Here is a link to what I want the pull to look like…
http://www.smallboneofdevizes.com/USA/images/metropolitanshot4.jpg
Thank you for your time,
Brandon
Replies
That certainly is a puzzle. I just got back from vacation so let me ask one of the editors today about it and get back to you. I remember a staff project that had a routed edge just like it.
Matt
Okay. Here's the deal. The photo you sent over shows a drawer/door pull with a much larger diameter than the one I saw from another editor on staff. Also, the pull I saw was on a flat drawer face. But for what it's worth, here are a few thoughts that may help:
1. If you had the right custom shaper head (and a flat door or drawer), you could set the fence so that it's covering most of the cutter, lay the door face down on the shaper table surface, and then plunge the edge of the door into the cutter, making the complete recess shown in the photo.
2. You could use a similar process on the tablesaw with one of Lonnie Bird's special tablesaw cove cutters (http://www.woodcraft.com/family.aspx?FamilyId=8215). Steady the door or drawer face on the tablesaw with clamps and stops, and raise the blade while cutting into the edge. That will create the rounded groove. Then secure a semi-circular router template to the face of the door and use a bearing-guided roundover bit to cut away the section that makes that part that you grab with your hand.

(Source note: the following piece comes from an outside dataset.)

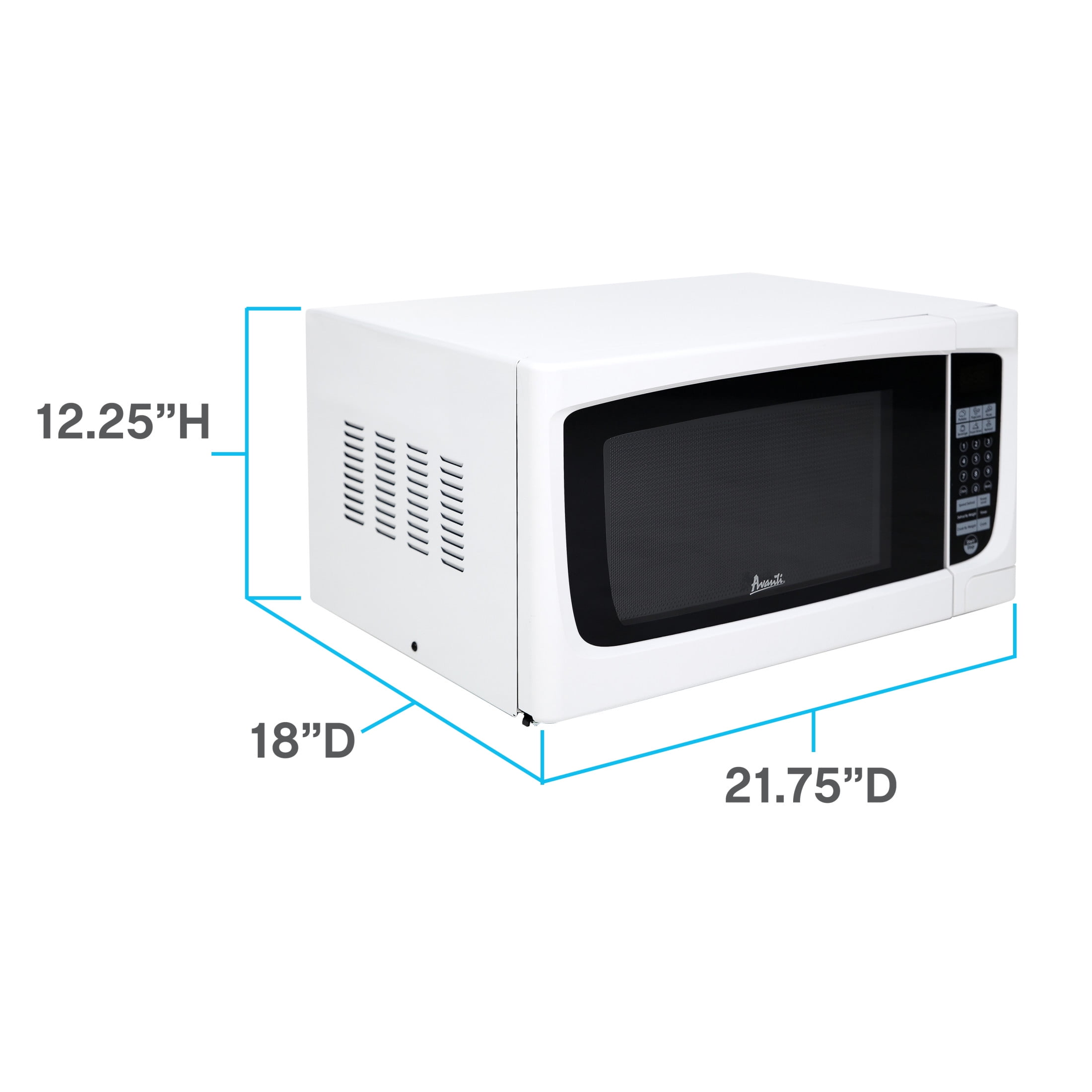 1.4 Cubic Foot Capacity Microwave Oven, 1,000 Watts, White Save counter space with this compact, 1.4 cubic foot, microwave oven from Avanti. The perfect countertop microwave for the dorm, man cave, office, studio apartment, RV, tiny home, rental room, condo, vacation home, or anywhere you need to cook food fast. This small microwave features 1000 Watts of cooking power, an electronic control panel, 9 pre-programmed cooking settings (popcorn, baked potato, pizza, beverage, frozen dinner, reheat, fresh vegetable, frozen vegetable, soup), and a removable glass turntable all in its compact footprint that fits perfectly on the countertop. 1,000 watts of cooking power. Features an electronic control panel. Nine one-touch, preprogrammed, cooking settings. Speed defrost setting. Cook/defrost by weight. Kitchen timer. Removable glass turntable.

3. Finally, I have to imagine there's a way you could do this with a handheld router, a fluting bit, and a small roundover bit. I envision a router jig that allows you to make a smooth end-grain cut with the fluting bit by allowing the router to travel down a ramp, cuts continuously deeper and then shallower, and then exit the workpiece up a ramp. With the grouve cut, you could use the router template described above.
Sorry I couldn't offer a full-fledged solution. Anyone else out there care to comment?
Matt
Matt,
Thank you for your response. The picture does illustrate a curved door, however my doors and drawers are flat. I plan to use a shaper for this. My thought was I could jig a bearing on a jig that went over the cutter and perpendicular while using a pattern to ride on the bearing. This term was described to me as a "following jig".
I thought more woodworkers would have known this jig but it seems I am out of luck and will have to do many trial and error runs.
If anyone knows about this jig please let me know. Thanks agian for the help.